The point however is that it’s not the reserves nor the liquidity that expand lending. Rather, lending comes from individual banks changing their portfolio composition. In reality, when the Fed implements QE, what it does is buy long-term securities (henceforth simplified to be mortgages). Buying these mortgages helps to increase lending activity, not because the banks now have money in their checking accounts that they can lend out, but rather because banks strive to have a consistent level of long-term assets and liabilities relative to short term ones. When the Fed buys mortgages off of a bank. The bank will find itself with a more cash assets, and less mortgage assets. It’s portfolio’s composition will have changed. In order to address this the bank will strive to correct the portfolio and buy up mortgage contracts and assets off of the private sector. It will then credit the private sector with cash. Hence, when the Fed buys mortgages off of the banks, portfolio corrections means that it is really accumulating them off of the private sector. The private sector will then find itself with excess cash and the money should theoretically be invested or used.

Where the ‘flow’ of QE becomes important is in distorting the banking sector’s portfolio. As it stands, the banks are not inclined to correct their portfolios, and lending rates are not rising. But corrections back to normality DO nevertheless happen slowly, and the more balance sheets become liquid with cash exceeding mortgages, the more the banks will strive to correct their balance sheets, buying up mortgages off of the private sector.

Thus, QE works through the norms of the financial sector, and no matter how redundant inflating the monetary base through reserves may seem, it incentivises lending expansion regardless.
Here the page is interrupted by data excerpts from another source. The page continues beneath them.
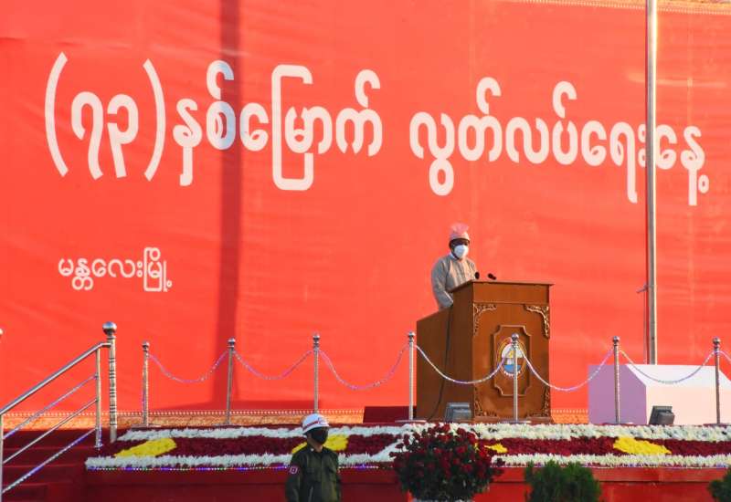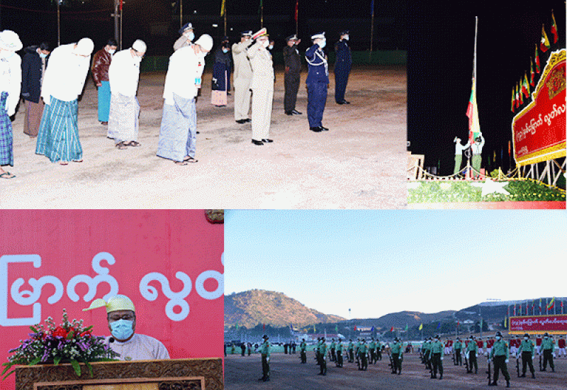 ၂၀၂၁ ခုနှစ် (၇၃) နှစ်မြောက် လွတ်လပ်ရေးနေ့ အလံတင်အခမ်းအနားနှင့် နိုင်ငံ တော်အလံ အလေးပြုခြင်း အခမ်းအနားကို ယနေ့ နံနက်ပိုင်းတွင် ရန်ကုန်မြို့ မဟာဗန္ဓုလ ပန်းခြံရှိ လွတ်လပ်ရေး ကျောက်တိုင်ရှေ့၌ ကိုဗစ်-၁၉ ကာကွယ်၊ ထိန်းချုပ်၊ကုသရေး၊ အမျိုး သားအဆင့် ဗဟိုကော်မတီနှင့် ကျန်းမာရေးနှင့် အားကစား ဝန်ကြီးဌာနတို့က ထုတ်ပြန်ထား သည့်ညွှန်ကြားချက်များနှင့်အညီ ကျင်းပသည်။
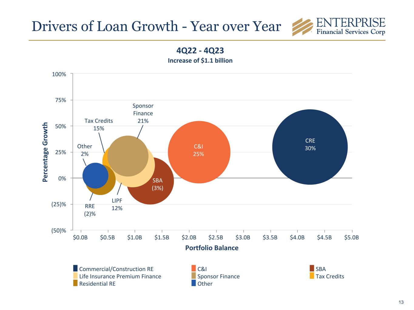 Portfolio Balance Pe rc en ta ge G ro w th $0.0B $0.5B $1.0B $1.5B $2.0B $2.5B $3.0B $3.5B $4.0B $4.5B $5.0B (50)% (25)% 0% 25% 50% 75% 100% CRE 30% Commercial/Construction RE C&I SBA Life Insurance Premium Finance Sponsor Finance Tax Credits Residential RE Other C&I 25% 4Q22 - 4Q23 Increase of $1.1 billion SBA (3%) LIPF 12% Tax Credits 15% RRE (2)% Sponsor Finance 21% Drivers of Loan Growth - Year over Year Other 2% 13
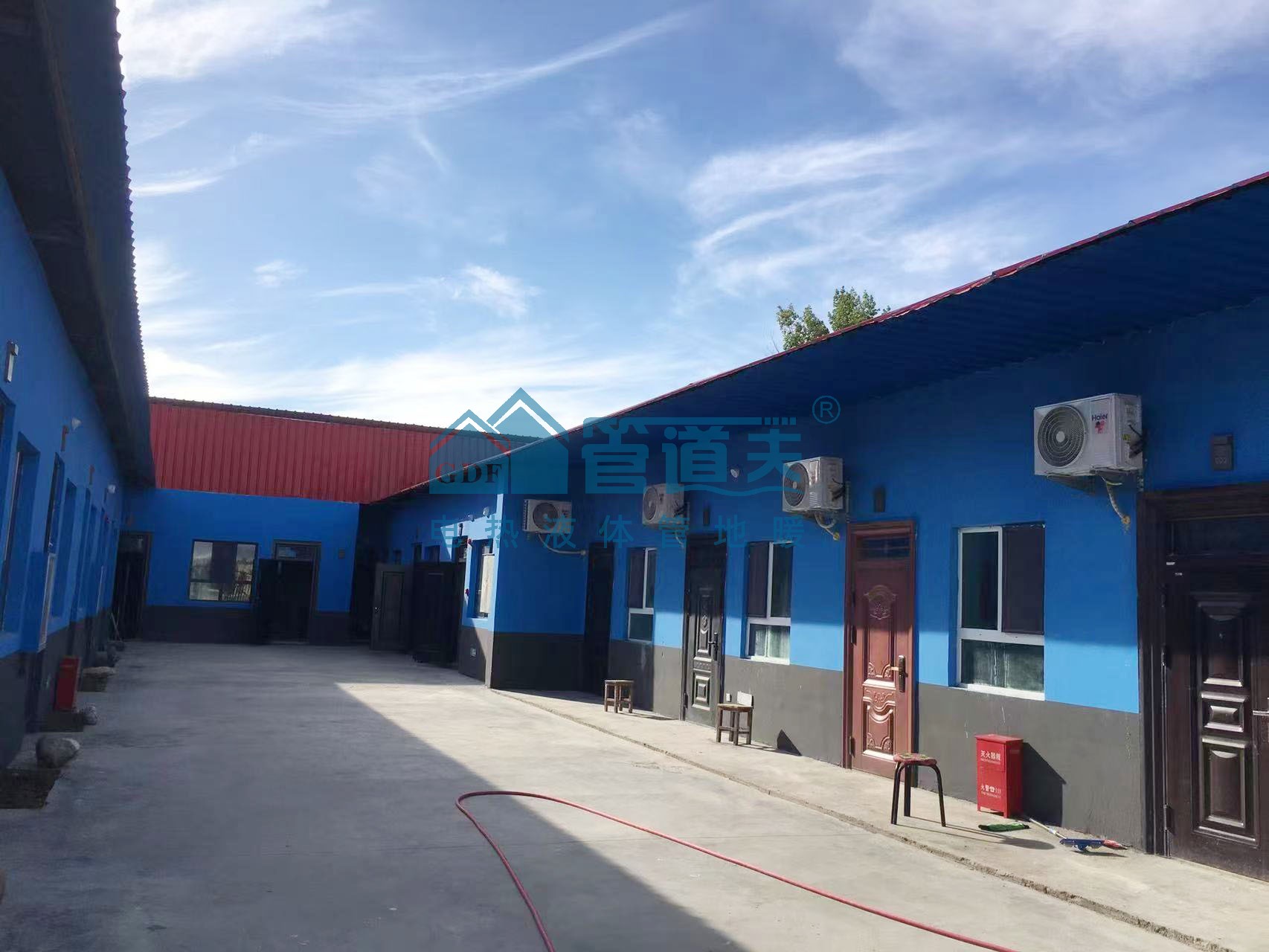 企事业单位、民宿无法进行集中供暖,为了省心,减少维护,选择大面积电加热液体管地暖新管铺装
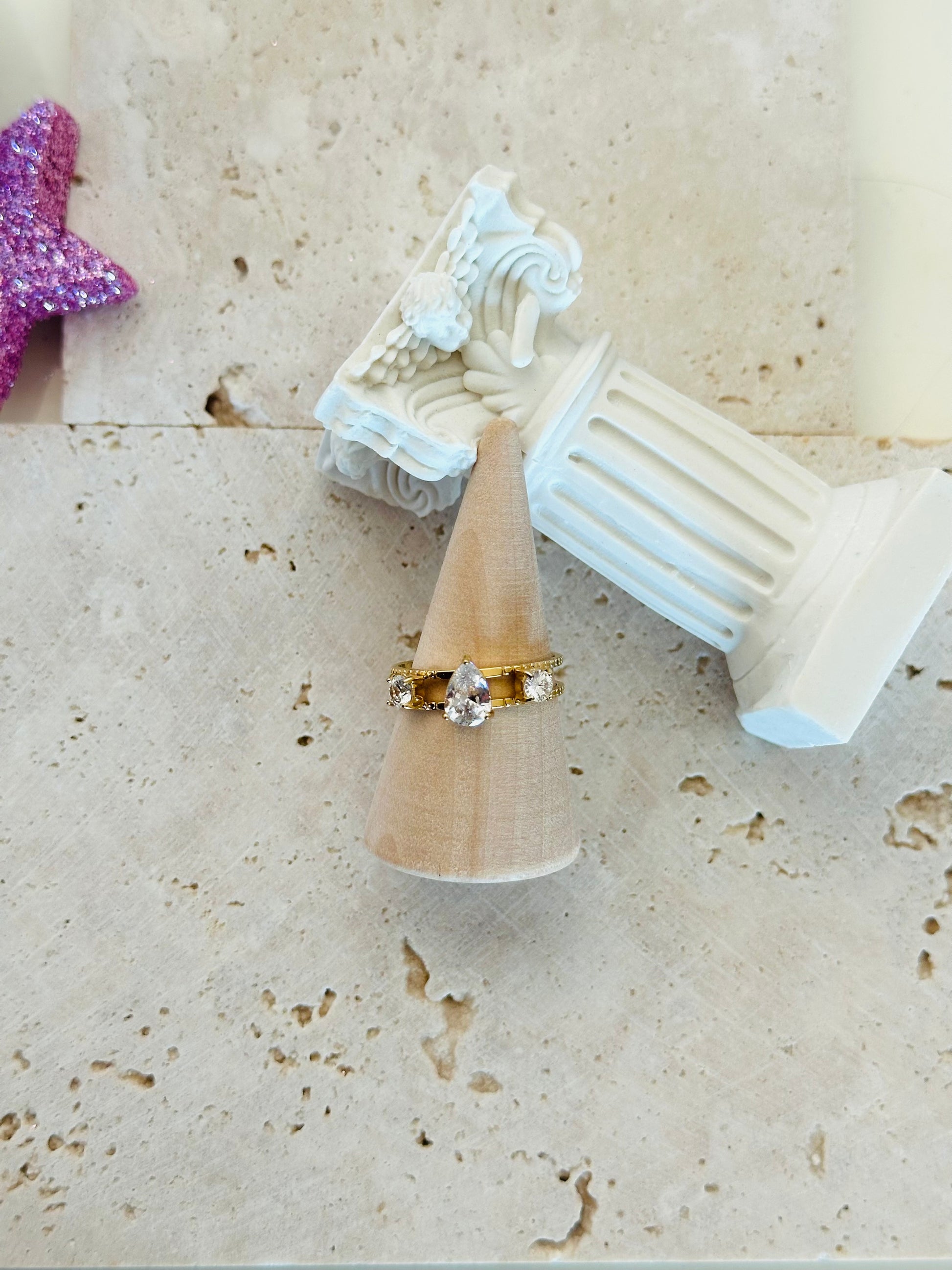 Realizzato in acciaio inox di alta qualità, questo anello presenta un design raffinato e bilanciato: ai lati, due zirconi tondi brillano con purezza, mentre al centro spicca un zircone a goccia, simbolo di grazia e femminilità.
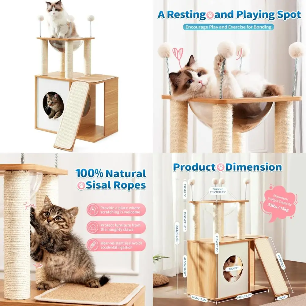 Indoor Cat Tree Modern Tall Tower for Large Cats and Kittens, Heavy Duty Wood Climbing Furniture $62.08
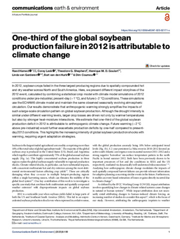 One-third of the global soybean production failure in 2012 is attributable to climate change.
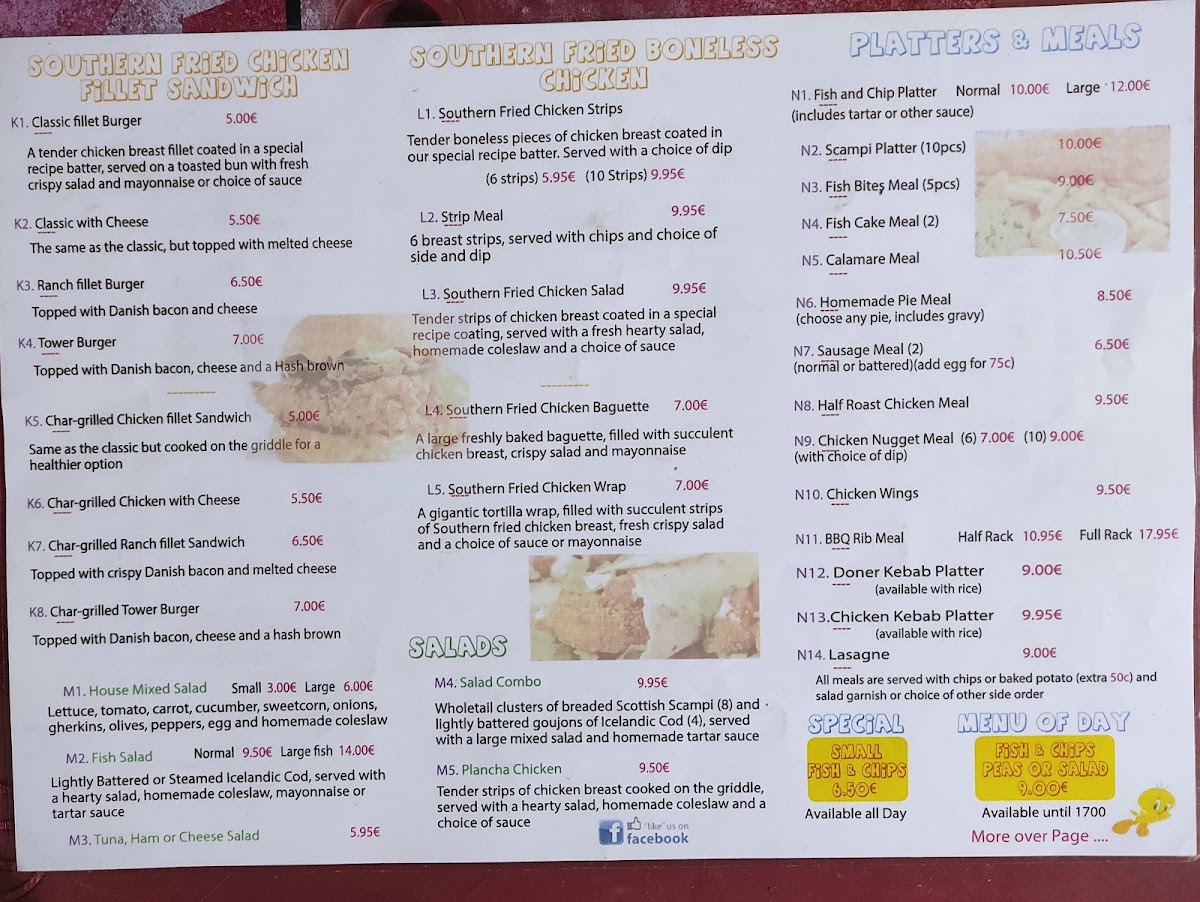 The menu at Tweetys Fish And Chips focuses primarily on classic fast food options, featuring a range of traditional fish and chips dishes alongside other fried and grilled items. Visitors can expect a variety of fish options such as cod, haddock, and place, typically served with chips and sides like mushy peas or salads.
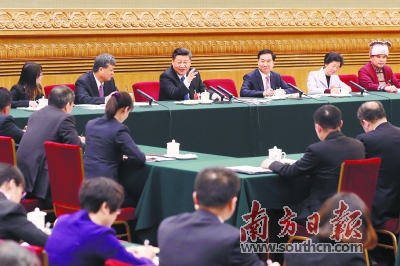 3月7日,中共中央总书记、国家主席、中央军委主席习近平参加十三届全国人大一次会议广东代表团的审议。 新华社发
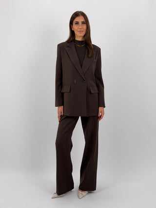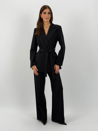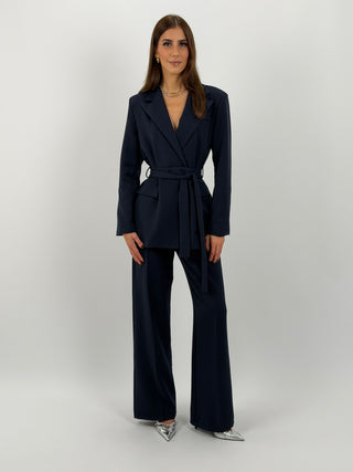 Completo giallo satin con blazer doppiopetto e pantalone palazzo. Giacca con bottoni tono su tono e fodera interna, pantalone con elastico in vita e laccetti finti. Elegante e raffinato.
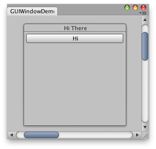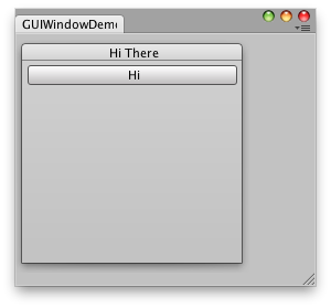using UnityEditor; using UnityEngine; using System.Collections; public class IMGUIWindowDemo : EditorWindow { // The position of the window public Rect windowRect = new Rect(100, 100, 200, 200); void OnGUI() { BeginWindows(); // All GUI.Window or GUILayout.Window must come inside here windowRect = GUILayout.Window(1, windowRect, DoWindow, "Hi There"); EndWindows(); } // The window function. This works just like ingame GUI.Window void DoWindow(int unusedWindowID) { GUILayout.Button("Hi"); GUI.DragWindow(); } // Add menu item to show this demo. [MenuItem("Test/GUIWindow Demo")] static void Init() { EditorWindow.GetWindow(typeof(IMGUIWindowDemo)); } }
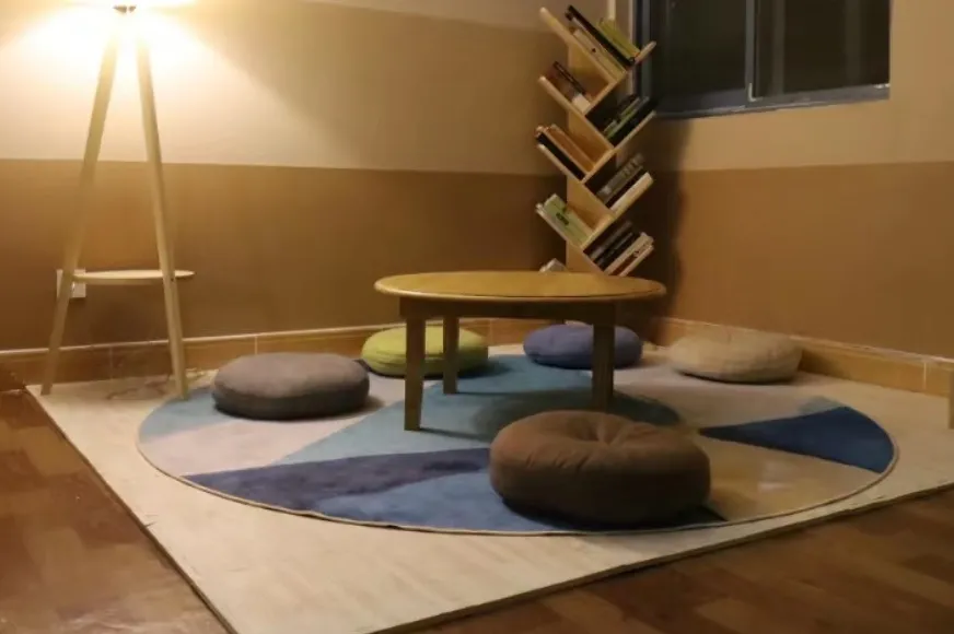 撞色地毯、丫杈状的书架、落地灯暖黄的光落在卡其色墙纸上......踏进402寝室,第一反应是误入了家装店的展厅。这样温馨浪漫的环境,是寝室里12位男生协力奋斗一个多月的成果。
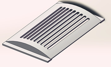 本五轴开槽机械手所开凹槽开橡胶表面板面,弧度公差在±0.3',半径公差在±0.05mm。所开凹槽表面光滑无裂纹,并对未开槽部分加以保护,特别是产品的前斜边、侧棱处干净、无污渍、无磕碰、掉角现象。
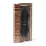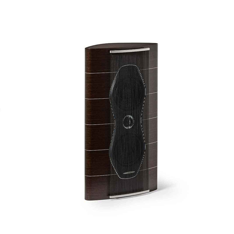 De smukke, buede kabinetter med finish i valnød eller wenge-træ er håndlavede og lakerede 7 gange inden de poleres nænsomt til det silkematte look, som det endelige produkt får. De smalle indlægsstriber af egetræ understreger bare kunsten i det endelige touch.
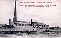 Kramatorsk came into being in the second half of the 19th century when a station on the Kursk-Kharkiv-Azov Railway.[8] The station was originally called Kram-na-Tore in 1868 but this was later contracted into Kramatorsk and the town of Kramatorsk developed around the railway station,[5] becoming a major urban settlement in the north of Donetsk Oblast with several heavy machine production facilities. In 1885 in area were found deposits of chaulk, sand, sandstone, valuable clays, mineral dyes which provided construction of building materials.[5] In 1887 Belgian investors (Stertzer and Sons) built a factory of refractory materials near Kramatorsk rail station. In 1896 the German firm "W.Fizner and K.Hamper"[6] opened a machine factory manufacturing its products for local mining and rail industries.[5][6] The factory was also producing its own metal. Just before the 1905 Russian Revolution, during the 1901-1904 production of cast iron at the factory tripled and accounted for 4.5 millions of poods. Number of employed workers at the factory has doubled during that period (1900-1904) to some 1,460. The workers of the factory were peasants hired from nearby villages, while managing personnel was predominantly foreigners.[6] During the Soviet period that factory was known as the Old Kramatorsk Machine-Building Plant.[5] A factory worker for one 11-12 hour work day was receiving around 70 kopecks to 1 ruble and 10 kopecks. A primary medical institution for the factory was a regional hospital in Sloviansk (about 15 km (9.3 mi)), while in Kramatorsk was a small local clinic with no more than 12 beds. At that time around the settlement appeared smaller iron shops that belonged to Vykov merchants. Employed at least 70 craftsmen, they were producing plowshares, horseshoes, shovels. The settlement accounted for two steam-powered mills, blacksmith shops, grain crusher mill.[6]
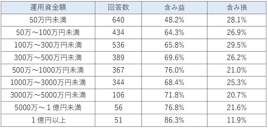 運用資金額別の分析では、運用資金が大きい人ほど含み益である割合が高くなりました。「1億円以上」の資金を持つ人では、含み益となっている割合が86.3%と最も高く、最も低い「50万円未満」の人では含み益の人は48.2%でした。
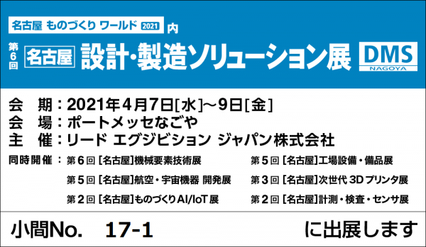アクセラテクノロジ株式会社(所在地:東京都渋谷区、代表取締役社長:進藤達也)は、2021年4月7日(水)~4月9日(金)にポートメッセ名古屋にて開催される『第6回名古屋 設計・製造ソリューション展』に出展します。

Why are banks not so keen to rebalance their distorted portfolios? Is this situation permanent? The answer is a resounding no to the latter. Banks simply do not want to rebalance their portfolios because the returns on long-term assets have not been deemed valuable enough relative to those of highly liquid assets at the moment. In addition, the 0.25% interest rate payment that the Fed gives the sector for excess reserves provides an incentive to keep the asset compositions highly liquid. This means keeping the portfolios at above equilibrium levels of liquidity. That doesn’t mean that banks will completely disregard the portfolio norms however. Indeed, the more the Fed increases the liquidity of the balance sheets, the more the banks will strive to accumulate mortgages off of the private sector. Thus the private sector’s holdings of loanable funds increases, and interest rates fall.